Second decompression means for decompressing the video signal, and digital recording in the standard recording mode by the first decompression means.
When the video signal is expanded and when the second expansion means is used.
HDTV digital video signal
Switching means that can be exchanged and a sub code that detects the address detection flag in the sub code.
And a reproducing section having a mode detecting means, and at the time of recording, one frame when recording in the standard recording mode.
Record the number of tracks in the P in the above HDTV recording mode
If the number of tracks in one frame is Q,
When recording in standard recording mode, the beginning of each frame
About (P / 2) tracks from the position of the track
And the positions for the remaining approximately (P / 2) tracks,
The flag for dress detection is reversed and the above long-time recording mode
When recording with, the track at the beginning of each frame
About (Q / 2) tracks from the position of, and the rest
(Q / 2) Track position and address detection flag
The lag is reversed and the address above is output from the output of the subcode detection means during playback.
The detection flag may change from one state to the other.
And whether the above address detection flag is in one state
When the state changes from one to the other, the beginning position of the frame is reached
A digital video signal recording / reproducing apparatus adapted to determine that the video signal has been recorded. 5. The first compression means is (525-6).
The video signal of 0) system is compressed so that it is recorded on 10 tracks, and the second compression means is (1125-60) system HD.
The TV video signal is compressed so that it is recorded on 20 tracks. When recording in the standard recording mode, 5 tracks from the position of the track at the beginning of each frame and the remaining 5 tracks are recorded. When the address detection flag is inverted depending on the position and recording is performed in the HDTV recording mode, 10 tracks from the position of the head track of each frame,
5. The digital video signal recording / reproducing apparatus according to claim 4, wherein the address detection flag is inverted at the positions of the remaining 10 tracks. 6. The first compression means is (625-5).

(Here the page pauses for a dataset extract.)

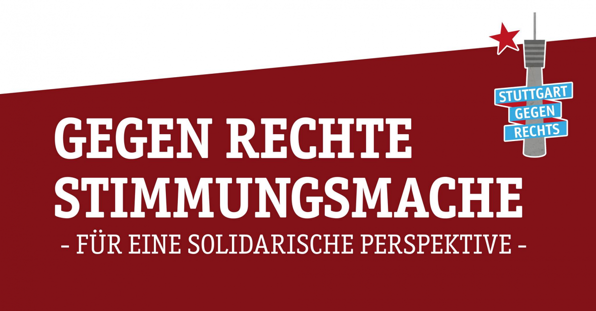 Die Gegendemonstration von Stuttgart gegen Rechts findet um 12:30 Uhr am Marktplatz statt. Wir finden es wichtig, für Grundrechte auf die Straße zu gehen, wenngleich man das Risiko einer Infektion abwägen muss. Wir stehen deshalb morgen nicht in großer Zahl, dafür aber in Gedanken auf dem Marktplatz bei allen Demonstrierenden.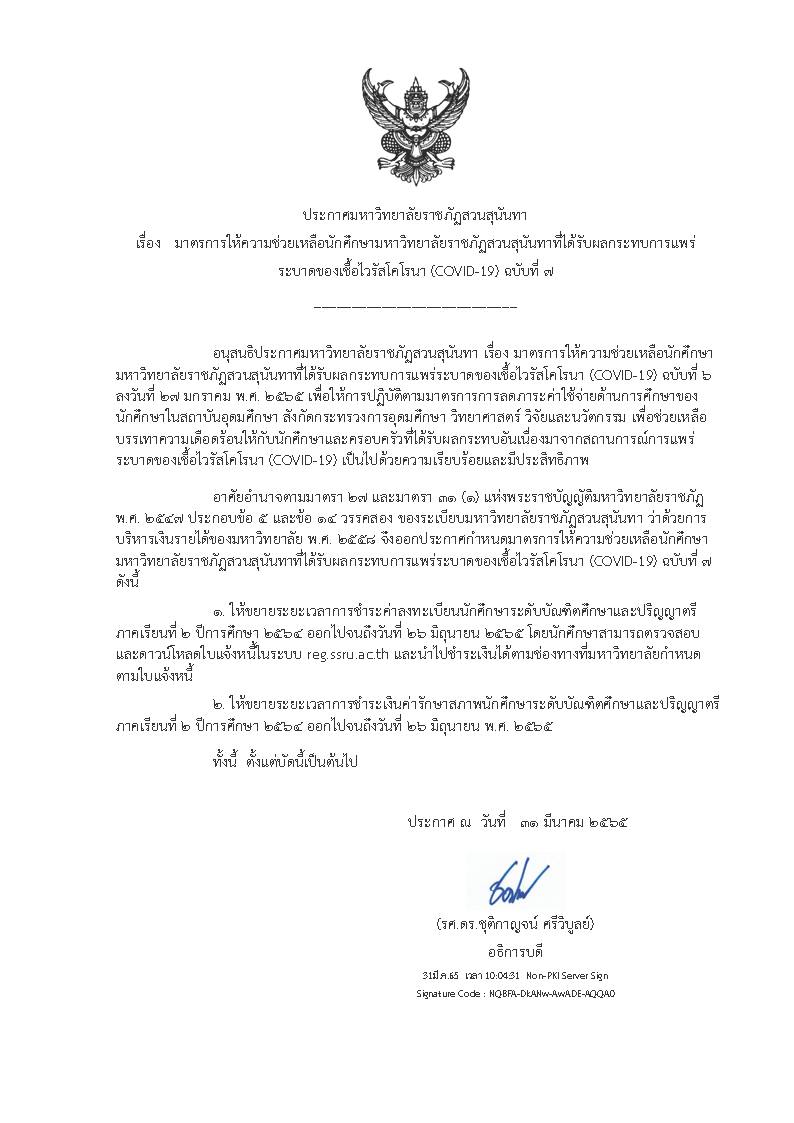 **ประกาศมหาวิทยาลัยราชภัฏสวนสุนันทา เรื่อง มาตรการให้ความช่วยเหลือนักศึกษามหาวิทยาลัยราชภัฏสวนสุนันทาที่ได้รับผลกระทบการแพร่ระบาดของเชื้อไวรัสโคโรนา (CODIV-19) ฉบับที่ 7

The video signal of 0) system is compressed so as to be recorded on 12 tracks, and the second compression means is (1250-50) system HD.
The TV video signal is compressed so that it is recorded in 24 tracks. When recording in the standard recording mode, 6 tracks from the position of the track at the beginning of each frame and the remaining 6 tracks are recorded. When the address detection flag is inverted at the position and recording is performed in the HDTV recording mode, 12 tracks from the position of the head track of each frame,
5. The digital video signal recording / reproducing apparatus according to claim 4, wherein the address detecting flag is inverted at the positions of the remaining 12 tracks.